---------- Provided material
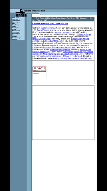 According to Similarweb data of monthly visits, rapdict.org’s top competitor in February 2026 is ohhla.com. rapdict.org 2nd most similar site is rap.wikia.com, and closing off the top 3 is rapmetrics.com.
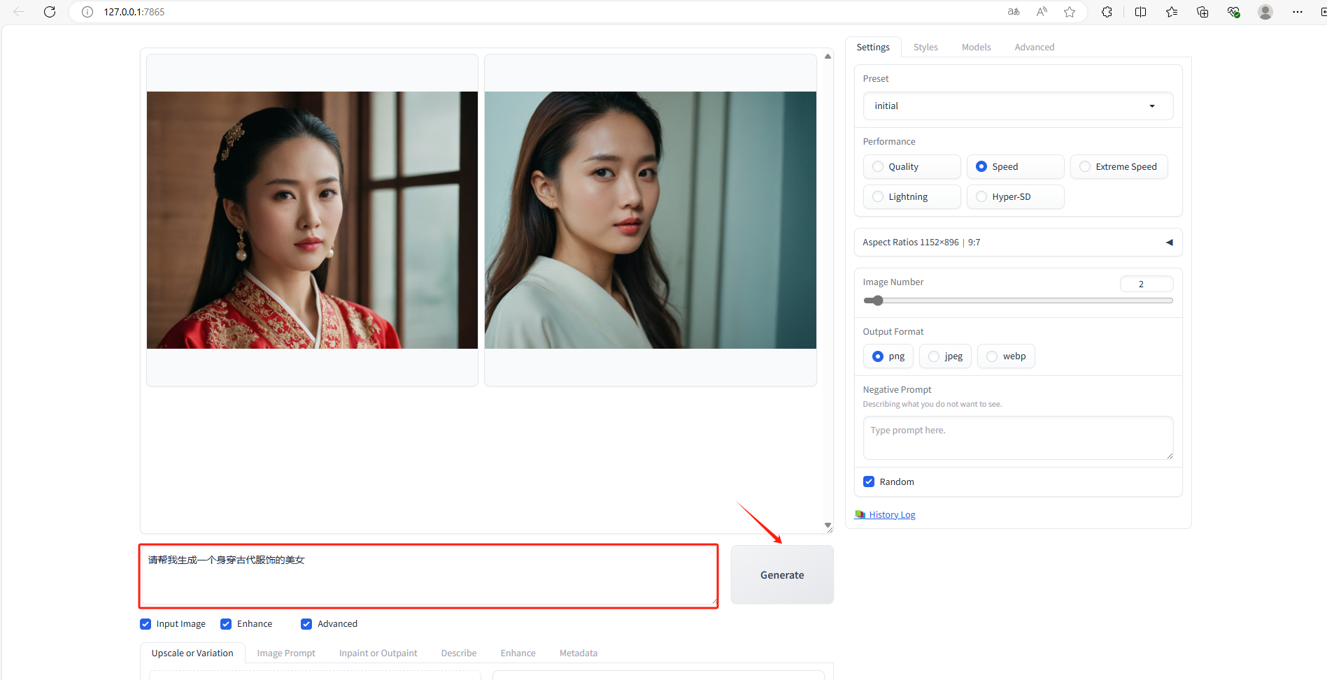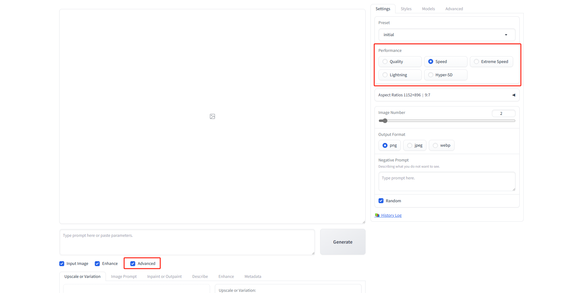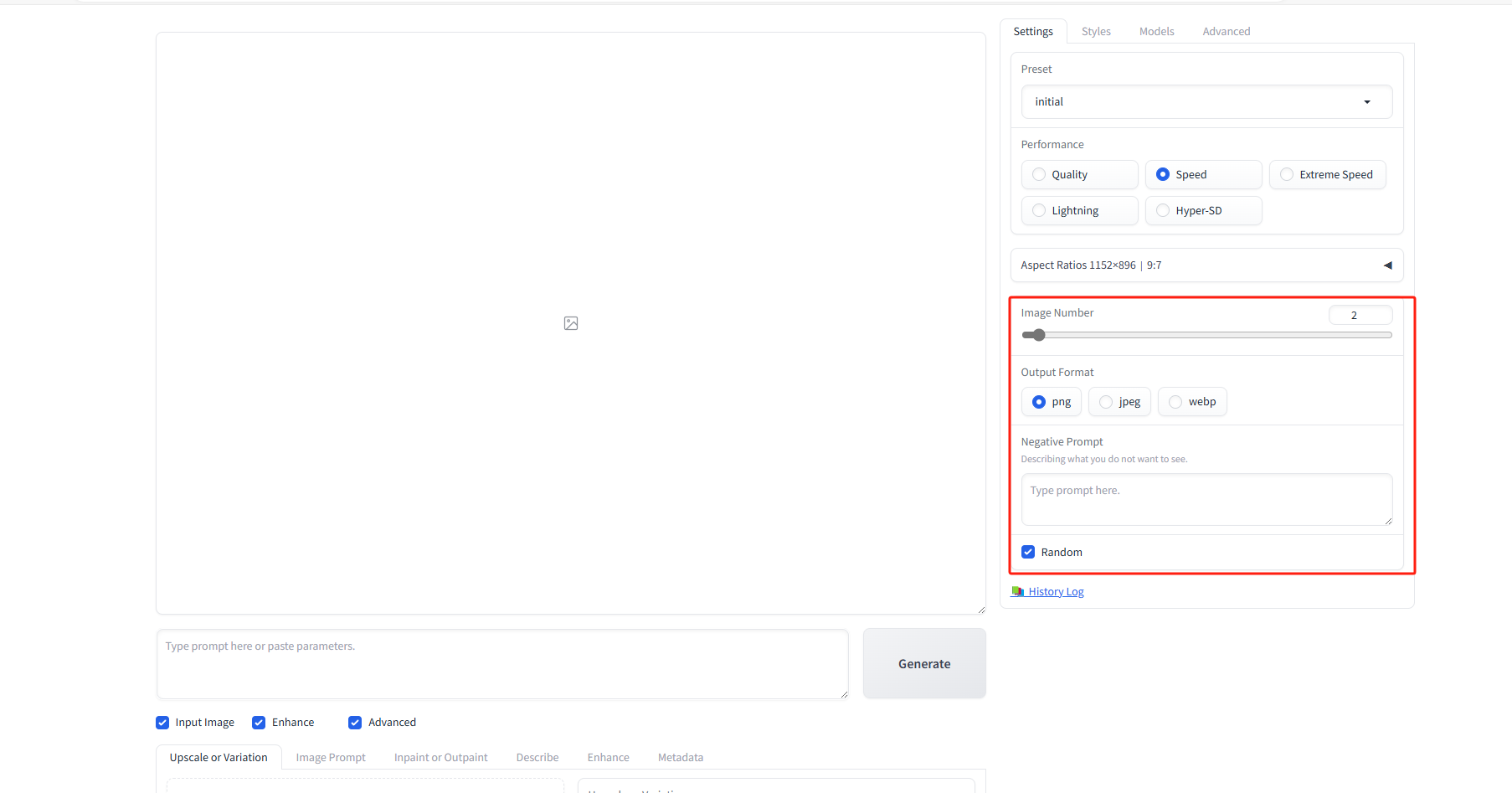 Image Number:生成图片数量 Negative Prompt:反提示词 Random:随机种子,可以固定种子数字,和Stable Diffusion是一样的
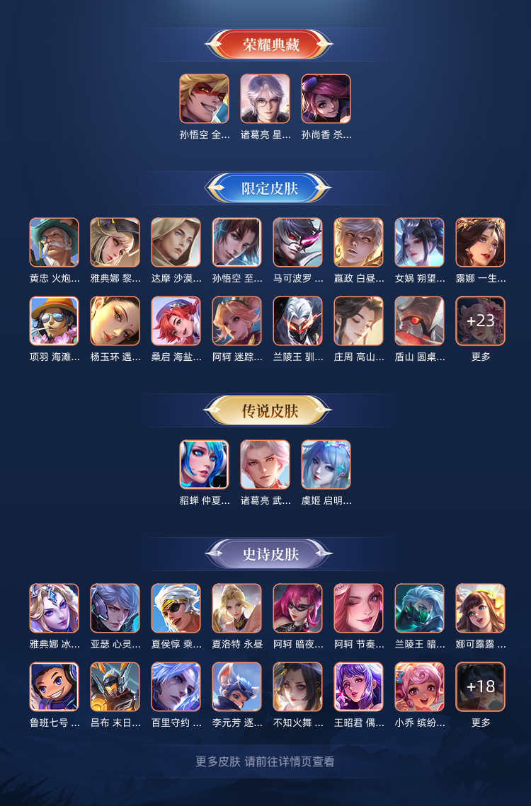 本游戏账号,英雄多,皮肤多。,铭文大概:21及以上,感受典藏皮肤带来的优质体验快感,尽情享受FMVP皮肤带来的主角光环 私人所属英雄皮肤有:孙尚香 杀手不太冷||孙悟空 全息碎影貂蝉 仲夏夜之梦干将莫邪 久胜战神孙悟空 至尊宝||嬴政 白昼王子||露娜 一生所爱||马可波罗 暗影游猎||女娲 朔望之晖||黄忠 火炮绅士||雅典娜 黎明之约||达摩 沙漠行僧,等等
--------------------
→ Work item
Only the text of the listing above is copied, exactly as written; its pictures are dropped.

→ Answer section
 According to Similarweb data of monthly visits, rapdict.org’s top competitor in February 2026 is ohhla.com. rapdict.org 2nd most similar site is rap.wikia.com, and closing off the top 3 is rapmetrics.com.
 Image Number:生成图片数量 Negative Prompt:反提示词 Random:随机种子,可以固定种子数字,和Stable Diffusion是一样的
 本游戏账号,英雄多,皮肤多。,铭文大概:21及以上,感受典藏皮肤带来的优质体验快感,尽情享受FMVP皮肤带来的主角光环 私人所属英雄皮肤有:孙尚香 杀手不太冷||孙悟空 全息碎影貂蝉 仲夏夜之梦干将莫邪 久胜战神孙悟空 至尊宝||嬴政 白昼王子||露娜 一生所爱||马可波罗 暗影游猎||女娲 朔望之晖||黄忠 火炮绅士||雅典娜 黎明之约||达摩 沙漠行僧,等等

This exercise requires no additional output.